Justement, quelles actions menez-vous avec Techfugees?
Techfugees est une structure internationale à but non-lucratif qui coordonne l’engagement de la communauté tech pour contribuer à construire des solutions technologiques avec les personnes déplacées et pour répondre à leurs besoins. Techfugees est présent dans 25 pays à travers le monde, dont la France, grâce à des volontaires et ambassadeurs rassemblés dans nos chapitres locaux.

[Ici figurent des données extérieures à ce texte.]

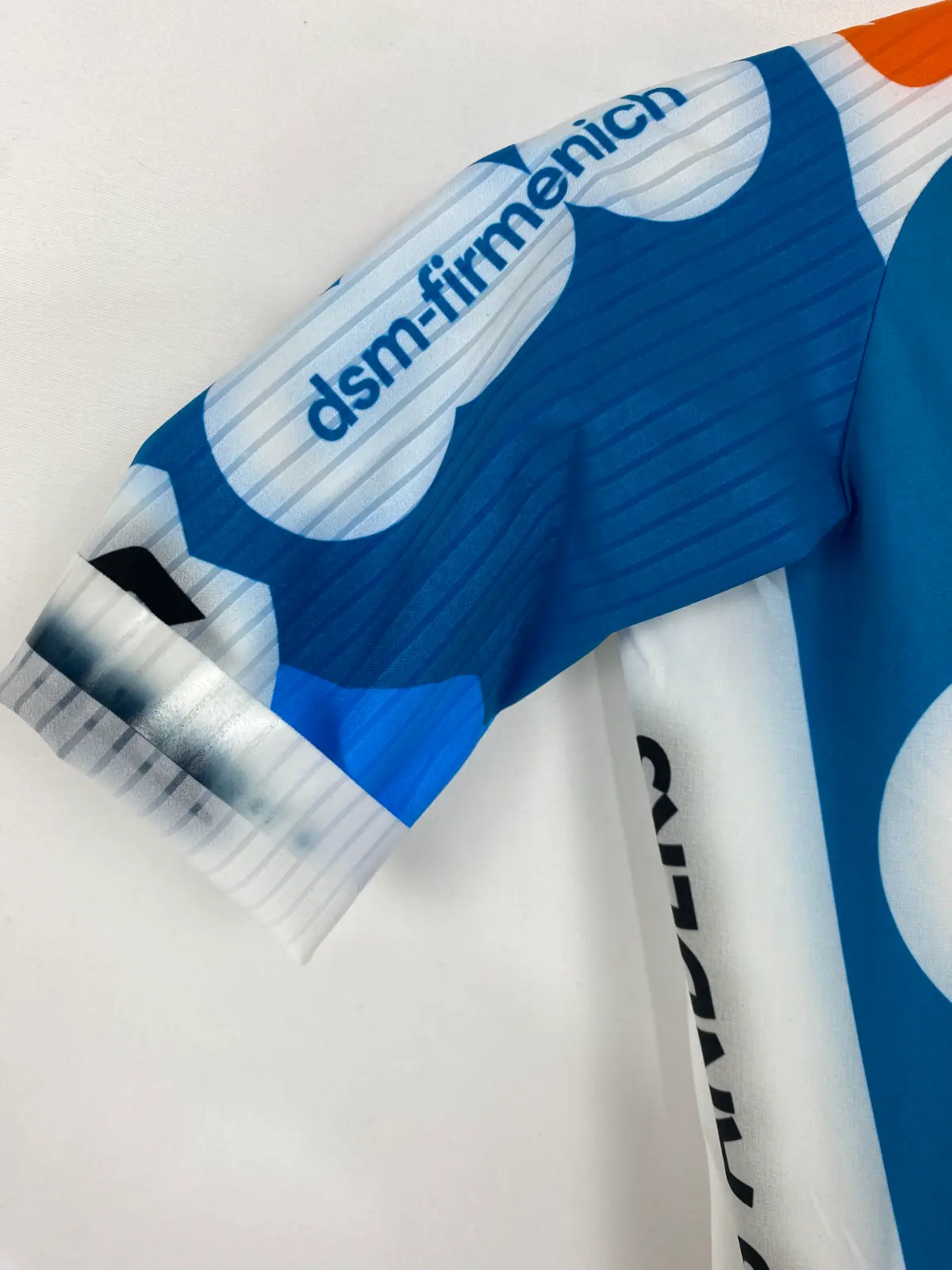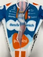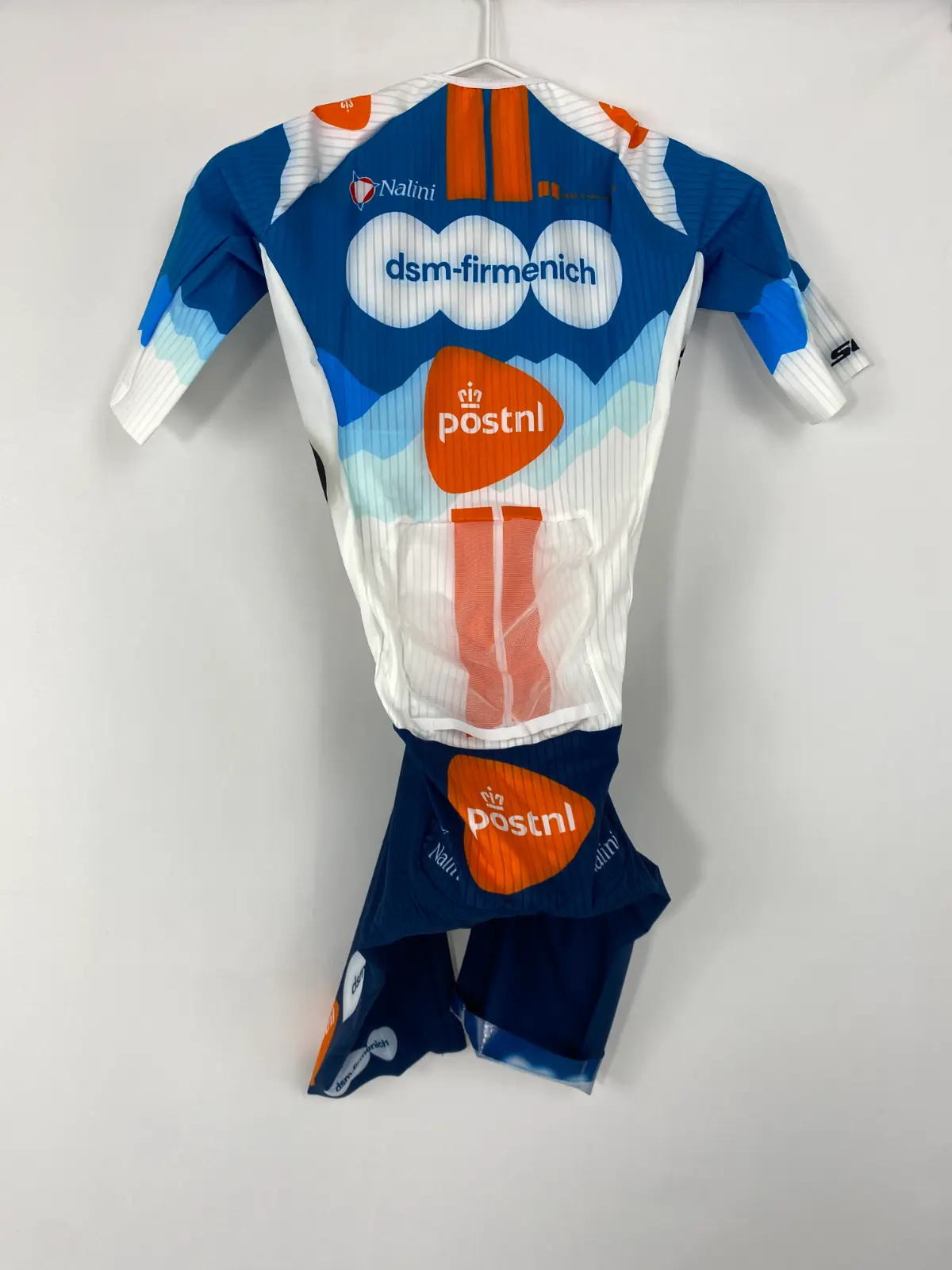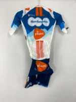 El mono crono manga corta DSM de Nalini está diseñado para ofrecer un rendimiento aerodinámico superior en contrarreloj durante climas templados o cálidos. Utilizado por el equipo de ciclismo profesional DSM, este mono combina tejidos técnicos de compresión con un diseño ergonómico que reduce la resistencia al viento y se adapta perfectamente a la posición sobre la cabra. Su corte ceñido y costuras planas garantizan comodidad y libertad de movimiento, mientras que su ligereza y transpirabilidad lo hacen ideal para competición en condiciones cálidas. Con la calidad y tecnología profesional que caracteriza a Nalini, este mono es la elección perfecta para ciclistas que buscan velocidad y precisión.
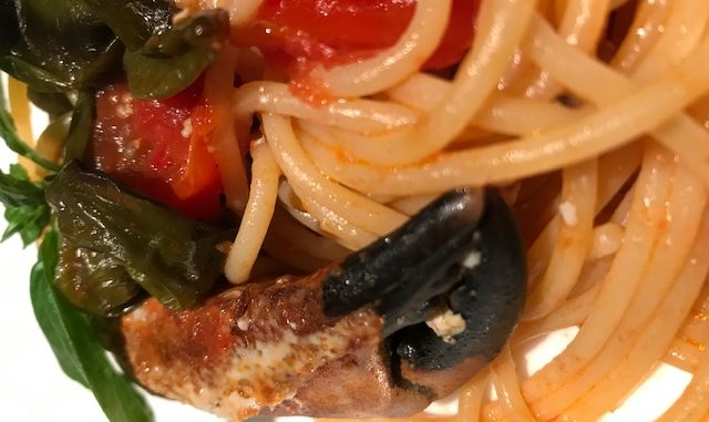In una padella soffriggere uno spicchio di aglio con olio evo , aggiungere i pomodori ed il peperoncino , aggiustare di sale Dopo 5 min aggiungere i granchi schiacciati (con l’aiuto di una pinza), lasciare cuocere .
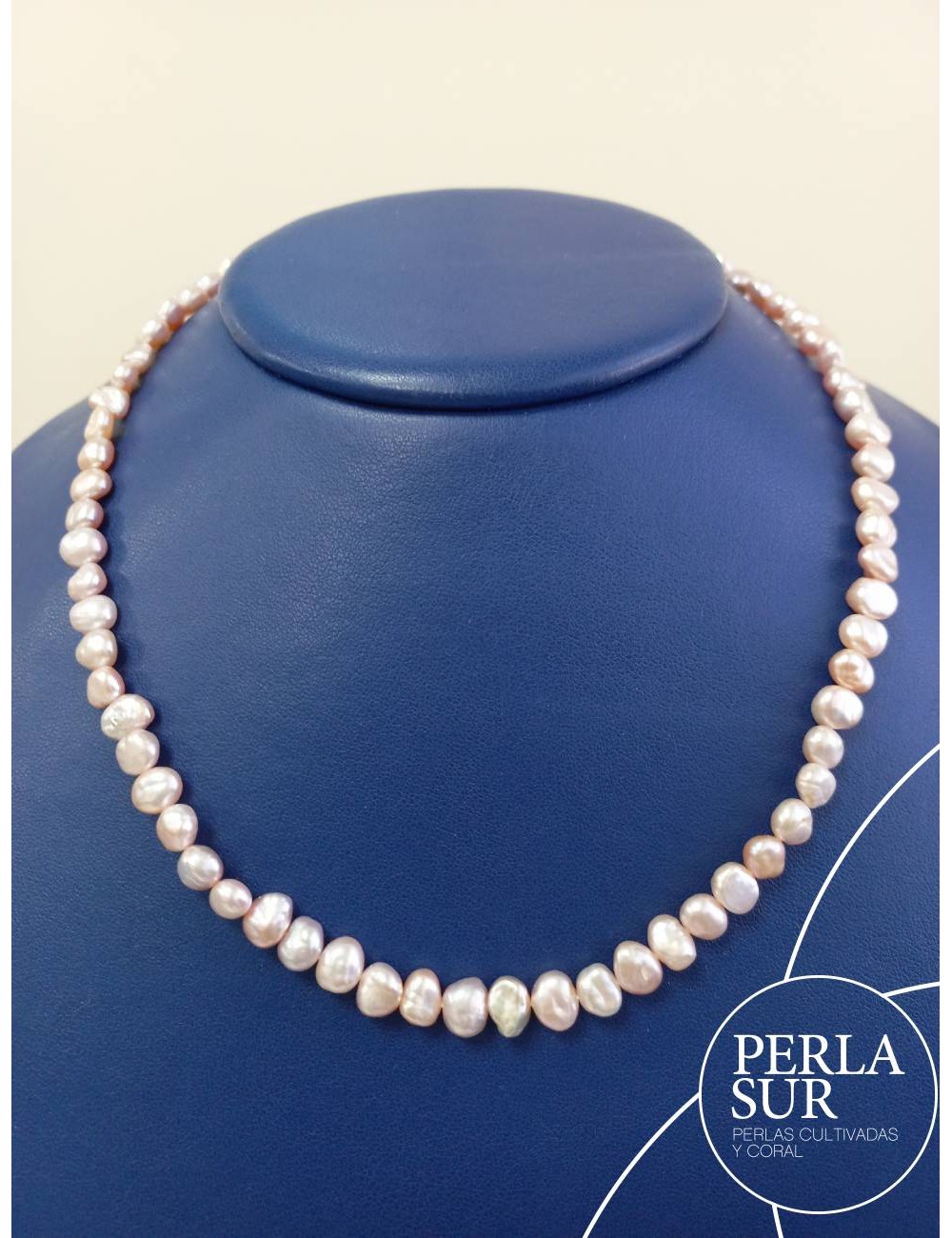Round FW Nat. Colour 6mm with Goldplated Silver Clasp Natural pink colour freswater 6-7mm round pearls. Length 40-42cm. Goldplated 18k silver spring ring clasp.
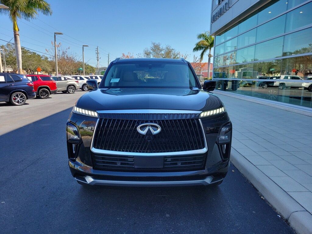 Scores 20 Highway MPG and 16 City MPG! This INFINITI QX80 delivers a Twin Turbo Premium Unleaded V-6 3.5 L/213 engine powering this Automatic transmission. SEPIA BROWN, LEATHER SEATING SURFACES, BLACK OBSIDIAN, [N10] INFINITI RADIANT ILLUMINATED SILVER KICK PLATES -inc: Front and rear doors, Factory installed accessory.
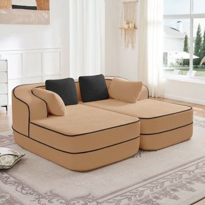 - curved tufted sofa
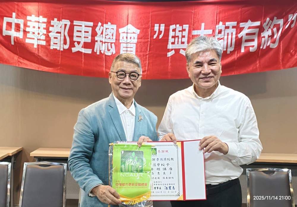 講座由中華都市更新全國總會理事長江宏志主持,他表示,台灣正面臨氣候變遷、老舊建築危險、都市更新與國土規劃刻不容緩;而李鴻源教授不僅曾擔任內政部長,更長期投入公共政策與災害治理研究,是國內最具影響力的專家之一,特別邀他分享觀點,對政府、業界與學界都具有重要啟發。
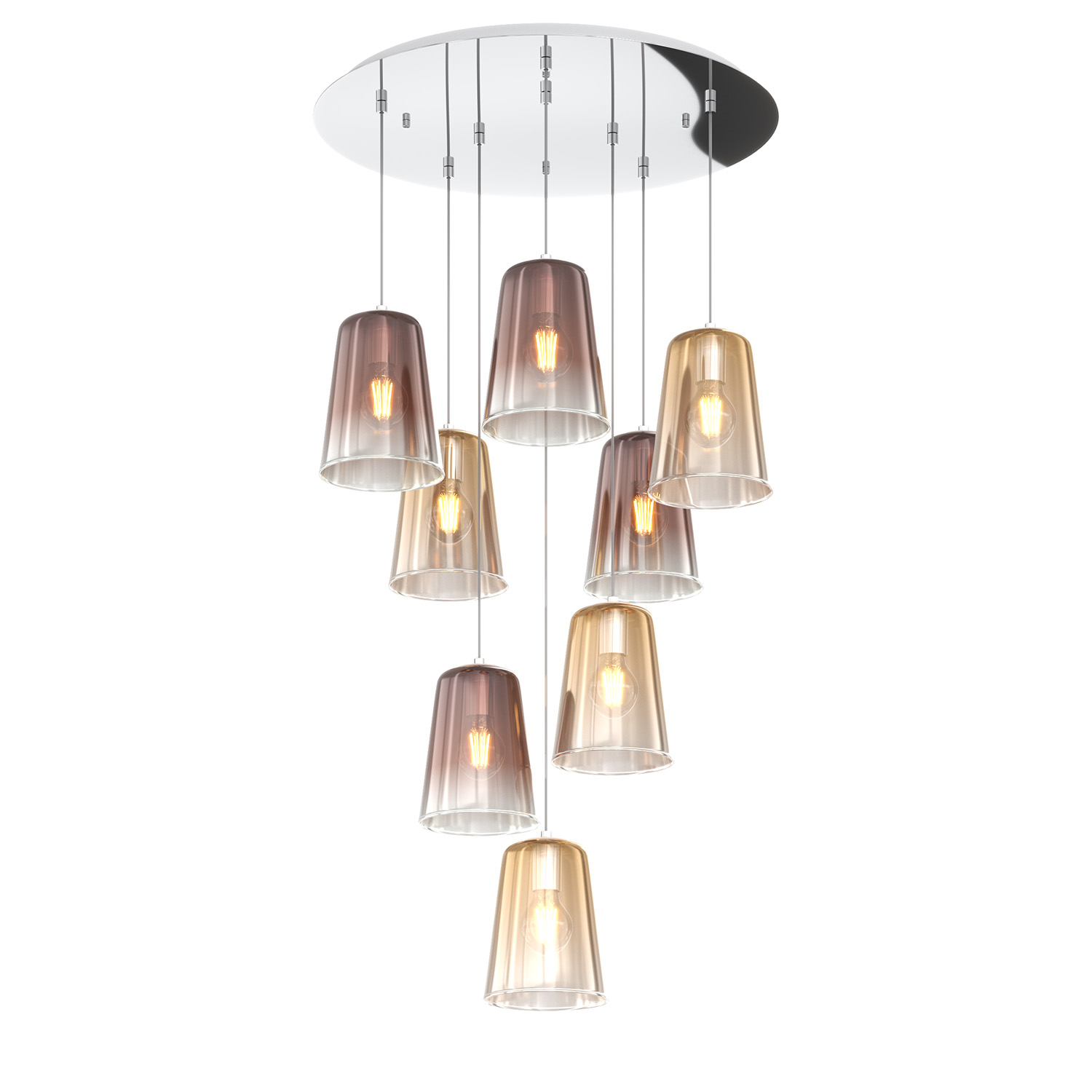 Sospensione 8 luci struttura in metallo cromo e rosone tondo e con 8 coni in vetro pirex soffiato colore ambra e rame posti in altezza differente tra di loro.. Le finiture dei vetri cromo, rame e ambra sono trattamenti superficiali sfumati verso il basso. Le strutture in metallo sono disponibili nelle finiture cromo, bianco e ottone satinato. La serie viene completata da una lampada da appoggioQuesto articolo è disponibile in diverse finiture e/o dimensioni. E' possibile indicarlo nell'apposito campo NOTE presente in conclusione di ordine oppure contattarci dopo aver effettuato l'ordine.

Après la naissance du mouvement à l’initiative de Mike Butcher (TechCrunch) à Londres, nous avons suivi peu de temps après à Paris avec le lancement d’un tout premier Hackathon en mars 2016, qui a rassemblé 150 personnes provenant d’horizons très divers – entrepreneurs sociaux, ONG, ingénieurs, développeurs, hackers, réfugiés, étudiants, institutions, acteurs et influenceurs de l’écosystème Tech – autour du sujet central de la Technologie avec et pour les réfugiés. En près de 3 ans, près de 18 000 innovateurs se sont rassemblés sur les réseaux sociaux et à l’occasion d’une centaine d’événements à travers le monde dont plus de 30 hackathons et un sommet international annuel. Cette année, nous avons lancé en France un programme pilote de « fellowship #TF4Women » pour favoriser l’inclusion professionnelle de douze femmes réfugiées au monde du numérique. Fort du succès de ce pilote, une deuxième édition sera lancée en 2019 à Paris et dans d’autres chapitres de Techfugees à travers le monde. Nous sommes aujourd’hui convaincus que c’est grâce à ce type d’évènement que nous pourrons apprendre à mieux comprendre les besoins des réfugiés et les défis à relever pour y répondre.